Slow Food welcomes von der Leyen’s acknowledgment of farmers’ hard work to provide the EU with food, and her emphasis on the key role played by biodiversity and ecosystem services to our very survival. Yet, we are highly concerned about the complete absence of any mention about the transition to sustainable food systems which is a major contributor to climate change, the public health and biodiversity crises, and which is failing citizens and farmers alike.

Madeleine Coste, Director of Advocacy at Slow Food, comments: “We can no longer accept that the future of the EU Green Deal and the much-needed transition towards sustainable food systems, which will ensure Europe’s long-term food security, depend on political parties’ agenda and private vested interests.”
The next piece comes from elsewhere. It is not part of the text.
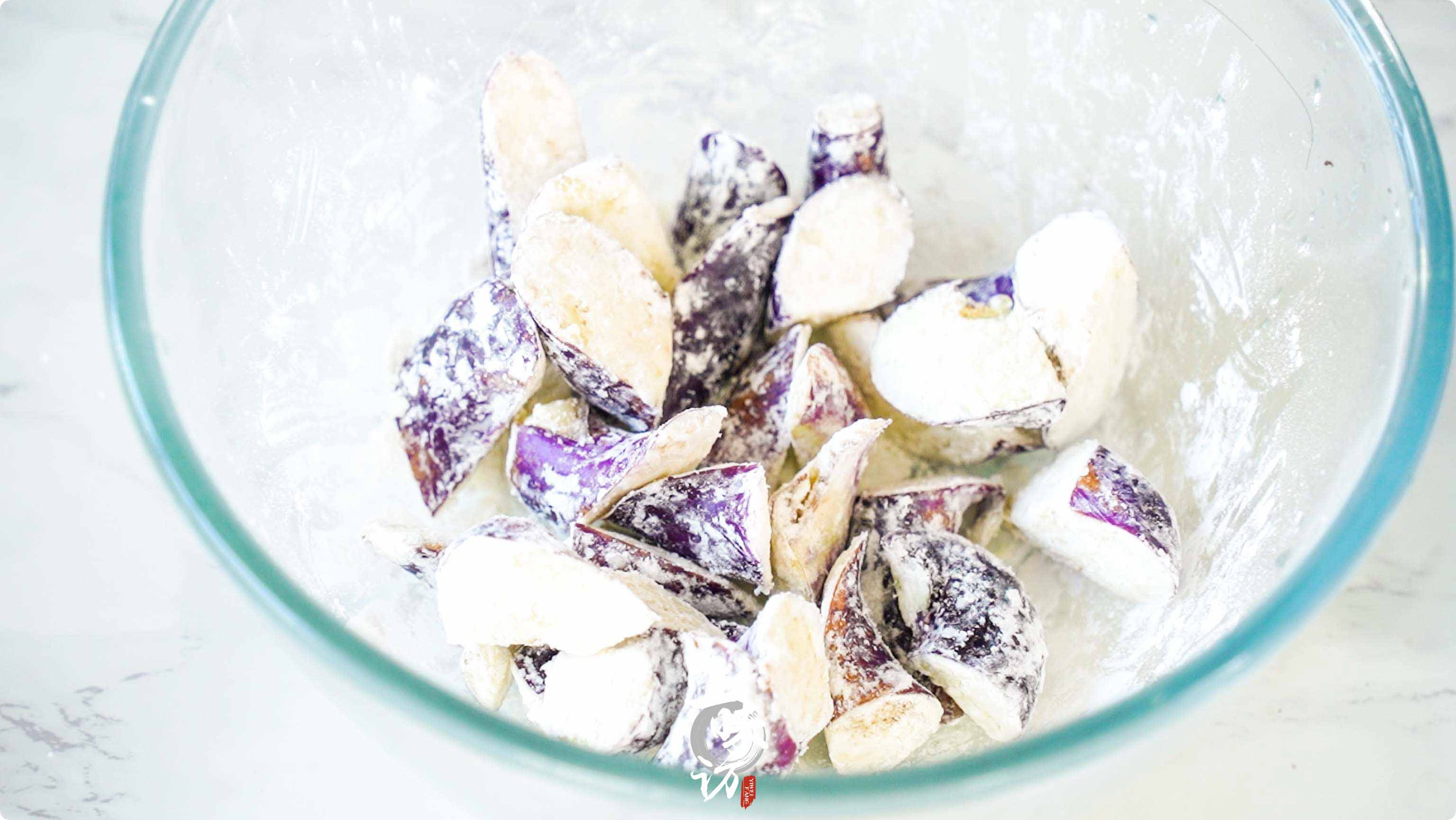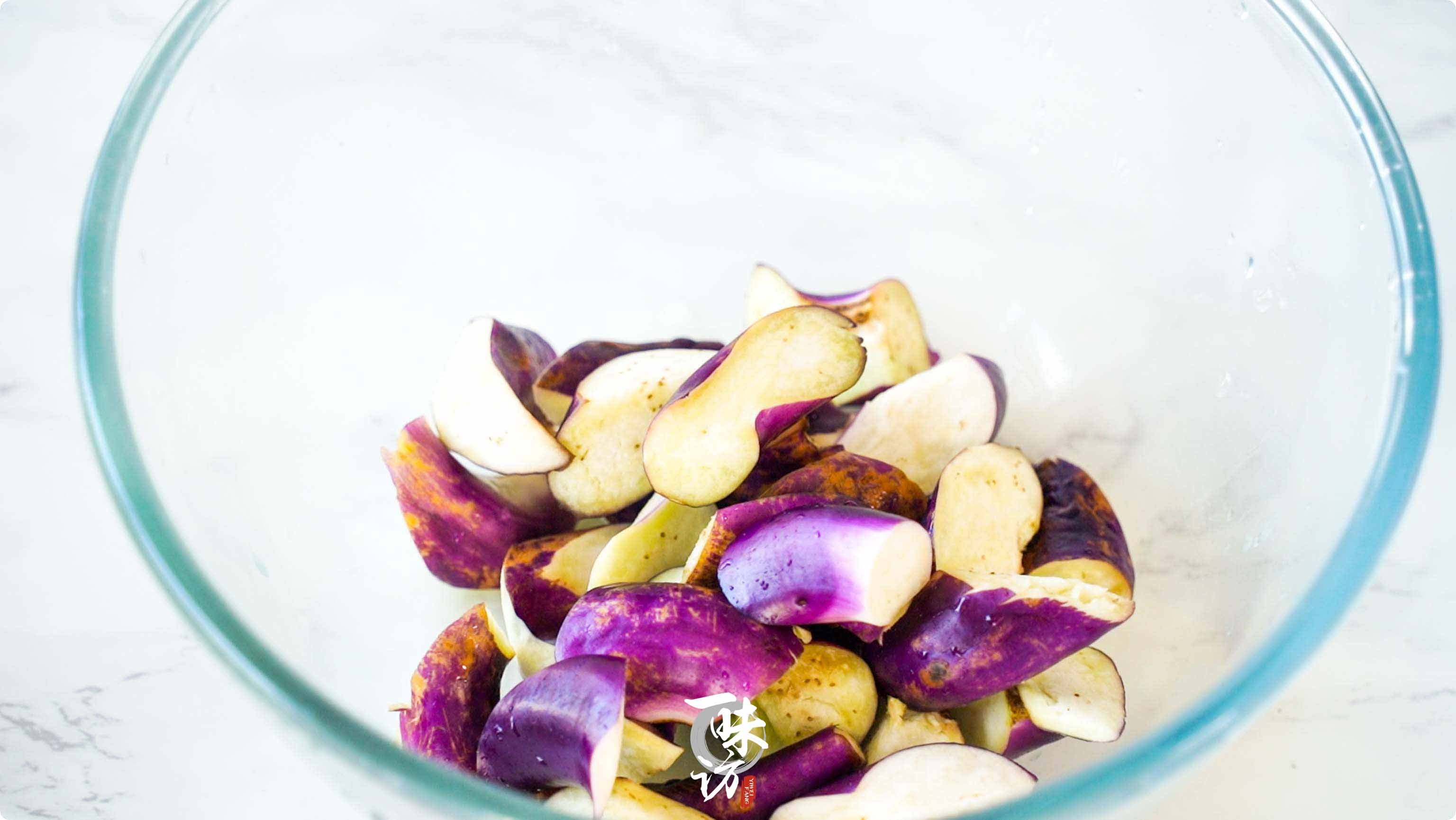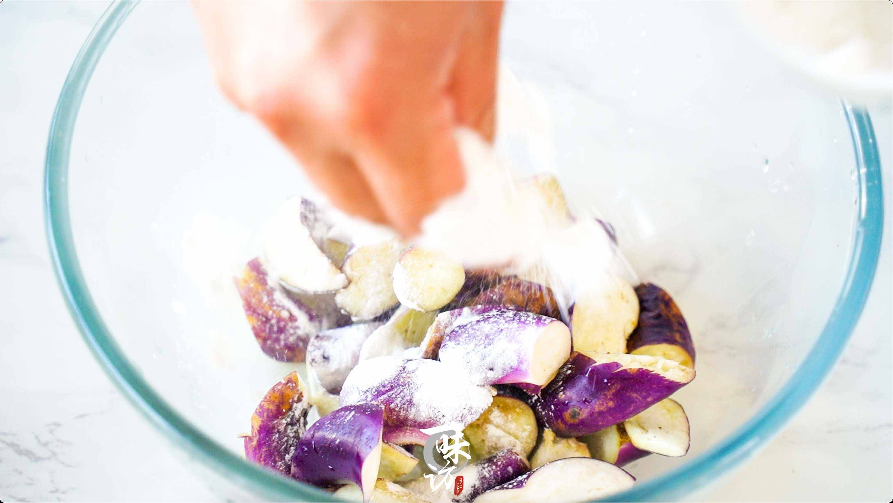 茄子不能单纯去炸制,得弄一些玉米淀粉,这样不仅有利于很快地炸制成熟,而且对于口感的综合性也有所帮助。

While the EU Commission’s letter of intent mentions that the measures listed will be ‘detailed and complemented’ in the 2024 work program, we can only worry about the fate of the EU Farm to Fork.

In her address to the European Parliament, Mrs. von der Leyen announced her intention to “launch a strategic dialogue on the future of agriculture in the EU”. Unlike what happened with the EU’s failed Common Agricultural Policy, this dialogue must include small-scale farmers and civil society on an equal footing to all other stakeholders.

Unlike what industry lobbies and conservative policy makers would like us to believe, Europe does not need to produce more food. But we need to produce it in a sustainable way and support farmers in their transition. In the past months, civil society has been repeatedly calling on the EU Commission to stand the course and publish key commitments of the Green Deal, such as the revision of the Animal Welfare Legislation, the EU Sustainable Food Systems Law, and demanding the EU Parliament to support the Sustainable Use of Pesticides Regulation.

We now turn to the EU Commission’s 2024 work program, in the hope that sustainable farming will feature explicitly, and that Mrs. von der Leyen will not completely yield to all agro-industry’s demands.